Mark Carney's WEF speech came during active tariff negotiations with Trump. You're watching Canada's new Prime Minister deliver his first major international speech. He's supposed to be de-escalating Trump's tariff threats. Instead, he's signaling partnership with China on rare minerals. You're thinking: is this brilliant negotiation or political suicide?
Tony Chapman calls it "one of the riskiest speeches of Canada's history" because Carney sided with "Trump's greatest adversary, China" mid-negotiation. The strategy: G7 countries pooling buying power for rare minerals the way China does, the country buys for all companies. Tony's assessment of Trump: "This isn't the Donald Trump on The Apprentice. This is a very different person, ranting and raving almost like your old uncle." The contrast: Trudeau's WEF speech the day before was "word salad," his girlfriend in the front row. Tony's test for Carney: expose all Auditor General allegations, prosecute if criminal, be "a leader of Canada versus a leader of party."

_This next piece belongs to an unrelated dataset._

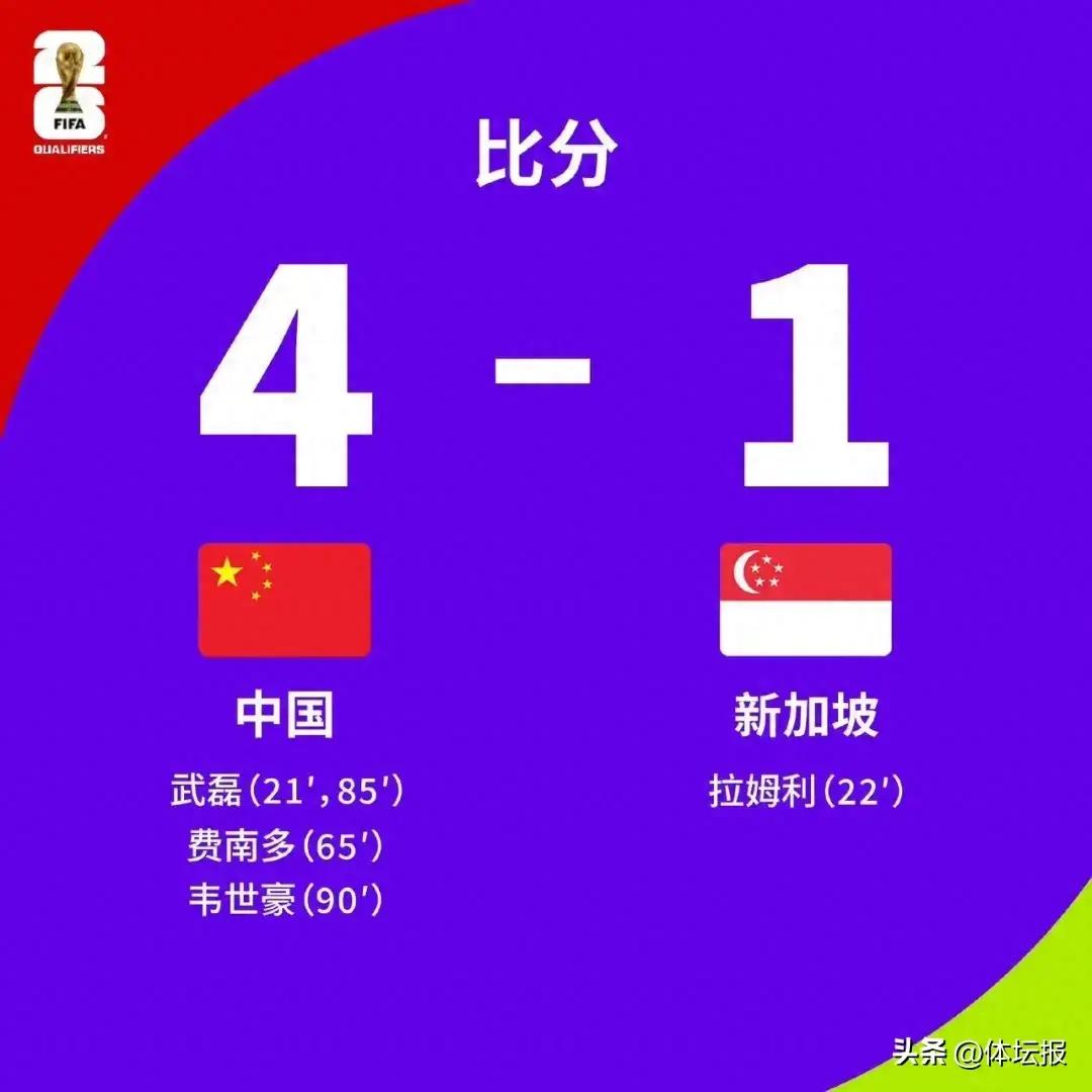 今晚,中國男足迎來了本屆世預賽36強賽與新加坡隊的第二次交手。最終,主場作戰的國足憑藉武磊的梅開二度和費南多、韋世豪的進球4:1大勝新加坡,四輪過後積7分暫居小組第二。

Discover why Tony calls this the riskiest Canadian speech in history and what siding with China during Trump negotiations actually means. Learn what the G7 rare minerals strategy is and why it mirrors China's playbook. Understand the transparency test Carney must pass and why his legacy depends on it. This gamble will either be "studied for centuries" or remembered as desperation.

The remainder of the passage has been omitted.